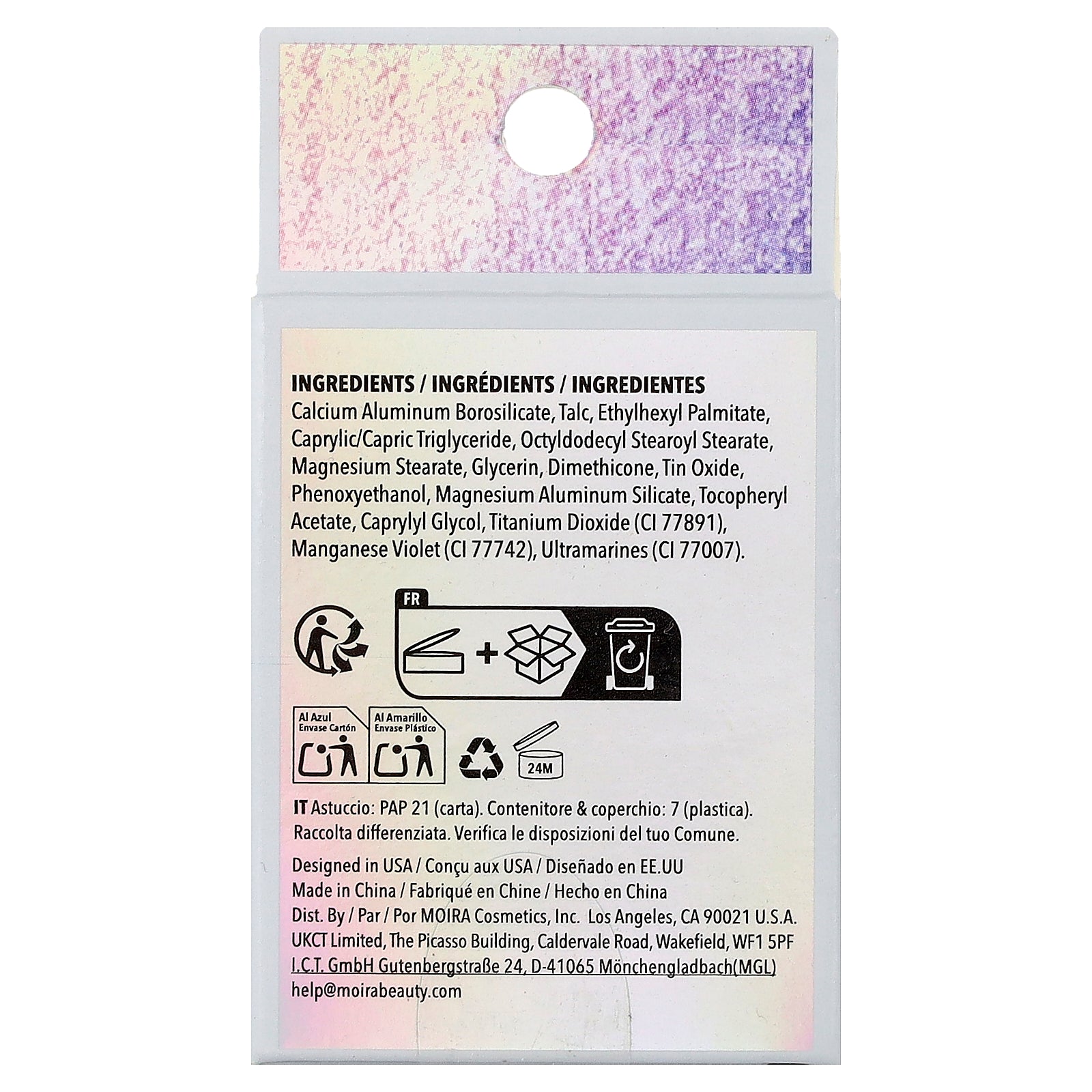 Calcium aluminum borosilicate, talc, ethylhexyl palmitate, caprylic/capric triglyceride, octyldodecyl stearoyl stearate, magnesium stearate, glycerin, dimethicone, tin oxide, phenoxyethanol, magnesium aluminum silicate, tocopheryl acetate, caprylyl glycol, titanium dioxide (ci 77891), manganese violet (ci 77742), ultramarines (ci 77007).
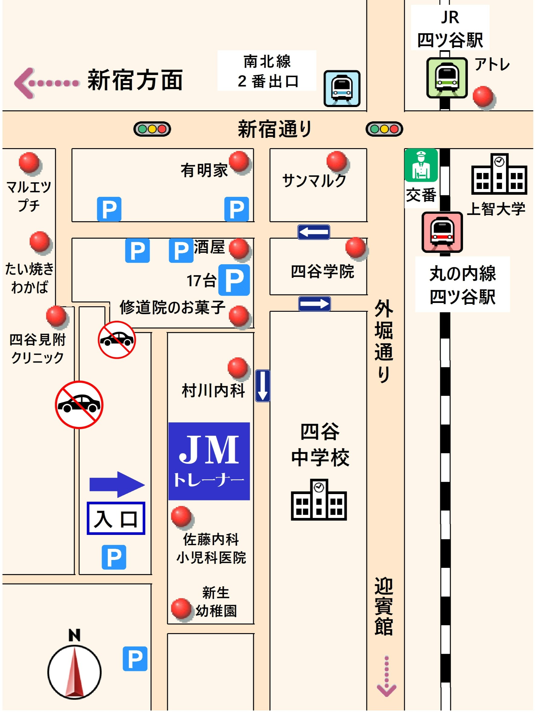四ッ谷駅近くになります。駐車場はありませんので近くの駐車場のご利用をお願い致します。
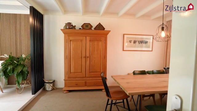 Begane grond: Via de zijkant van de woning bereikt u de entree. Bij de voordeur en garage is een ruime overkapping aanwezig. De ruime hal is voorzien van plavuizen en geeft toegang naar de toiletruimte met wandcloset en fonteintje, de woonkamer en woonkeuken. De woonkamer is heerlijk licht door de aanwezige raampartijen en heeft een gezellige houtkachel, dit gedeelte van de woning is voorzien van een houten vloer. Aan de achterzijde van de woning, ligt het wat lager gelegen eetgedeelte met uitzicht op de achtertuin. Dit gedeelte is voorzien van vloerbedekking. De wanden hebben deels een spachtelputz wandafwerking en deels houten wandpanelen. Er is een sierplafond aanwezig wat zorgt voor een knus geheel.
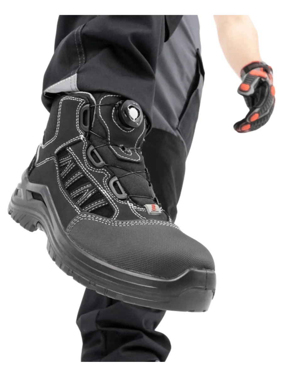ОписаниеБотинки летние мужские Brodeks Icon BRS103, черный - легкая, удобная и привлекательная защитная обувь с прекрасными водоотталкивающими свойствами и высокой степенью защиты. Верх обуви выполнен из комбинации натуральной кожи, защищающей от влаги, и легкого дышащего текстиля. Это позволяет обеспечить комфорт и высокую степень защиты при небольшом весе обуви. Отличительной особенностью ботинок является система быстрой шнуровки FitGo. Основные области применения: подходит для уличных работ в летний и демисезонный период, а также для круглогодичных работ в помещении. Рекомендуется для таких сфер, как строительство, монтажные работы, обслуживание техники и оборудования, отделочные работы.
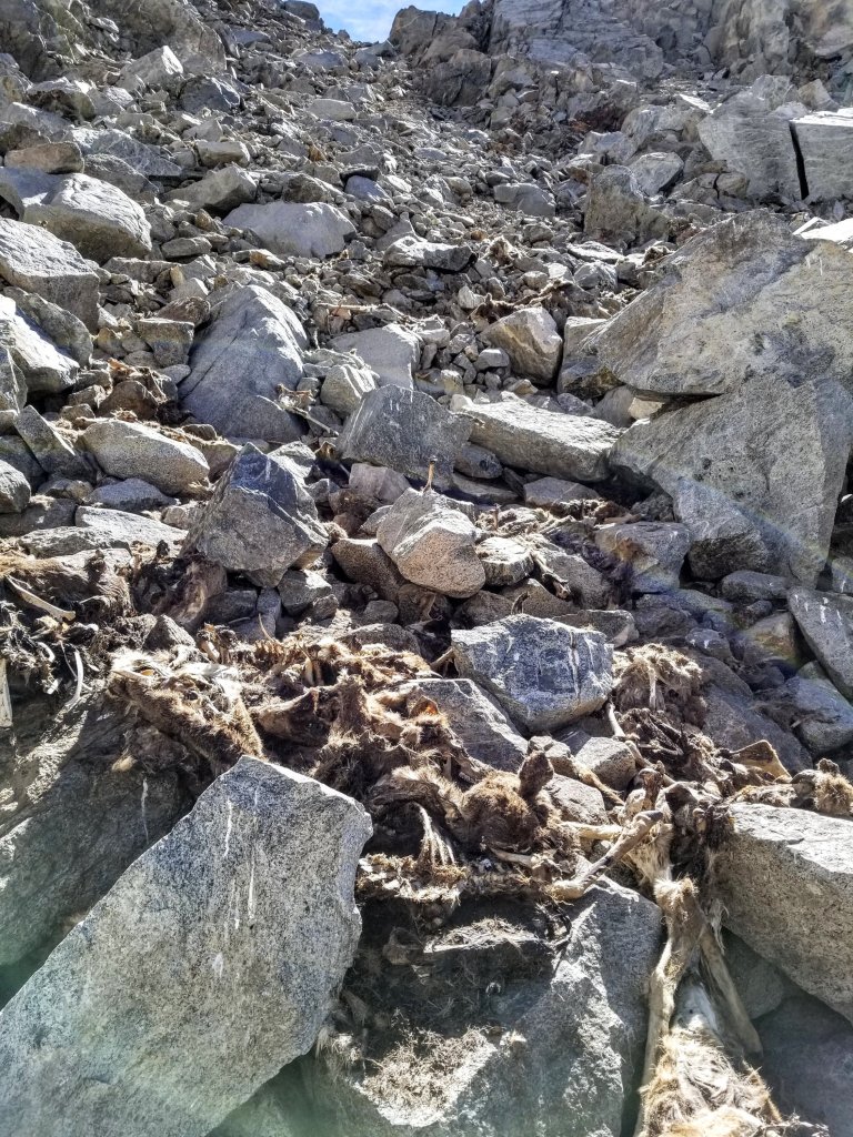 Hitting some tight switchbacks, we see the deer bones that remain from a massive rockslide that wiped out a hundred deer back in 2018. Rockin’ tells me the same thing happened on Shepherd’s Pass that same year, which I hadn’t known. It’s been interesting to ponder this whole thing, why there were so many deer all together there in the first place and how the timing worked out that they all got killed? From year to year, I’ve watched how the carcasses have decayed, been picked off and now they have nearly disappeared, leaving very little evidence but a few scattered vertebrae four years later.
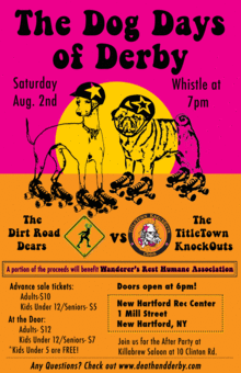 Ladies' Death and Derby Society will host another home bout on August 2nd at the New Hartford Rec Center (1 Mill St, New Hartford, NY). Their team, The TitleTown KnockOuts, will take on The Dirt Road Dears in an action-packed, hard hitting match-up.
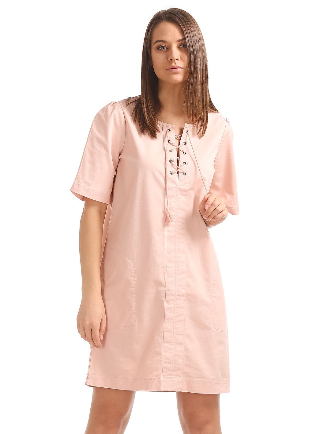 Our customers feel that Gap dresses are sized larger than other brands. If you wear M, buy S for this brand.
----------
Return only the lines running from the top of the data to the line that holds "Begane grond: Via". Include both of those lines, but skip the pictures.

Expected answer:
 Calcium aluminum borosilicate, talc, ethylhexyl palmitate, caprylic/capric triglyceride, octyldodecyl stearoyl stearate, magnesium stearate, glycerin, dimethicone, tin oxide, phenoxyethanol, magnesium aluminum silicate, tocopheryl acetate, caprylyl glycol, titanium dioxide (ci 77891), manganese violet (ci 77742), ultramarines (ci 77007).
四ッ谷駅近くになります。駐車場はありませんので近くの駐車場のご利用をお願い致します。
 Begane grond: Via de zijkant van de woning bereikt u de entree. Bij de voordeur en garage is een ruime overkapping aanwezig. De ruime hal is voorzien van plavuizen en geeft toegang naar de toiletruimte met wandcloset en fonteintje, de woonkamer en woonkeuken. De woonkamer is heerlijk licht door de aanwezige raampartijen en heeft een gezellige houtkachel, dit gedeelte van de woning is voorzien van een houten vloer. Aan de achterzijde van de woning, ligt het wat lager gelegen eetgedeelte met uitzicht op de achtertuin. Dit gedeelte is voorzien van vloerbedekking. De wanden hebben deels een spachtelputz wandafwerking en deels houten wandpanelen. Er is een sierplafond aanwezig wat zorgt voor een knus geheel.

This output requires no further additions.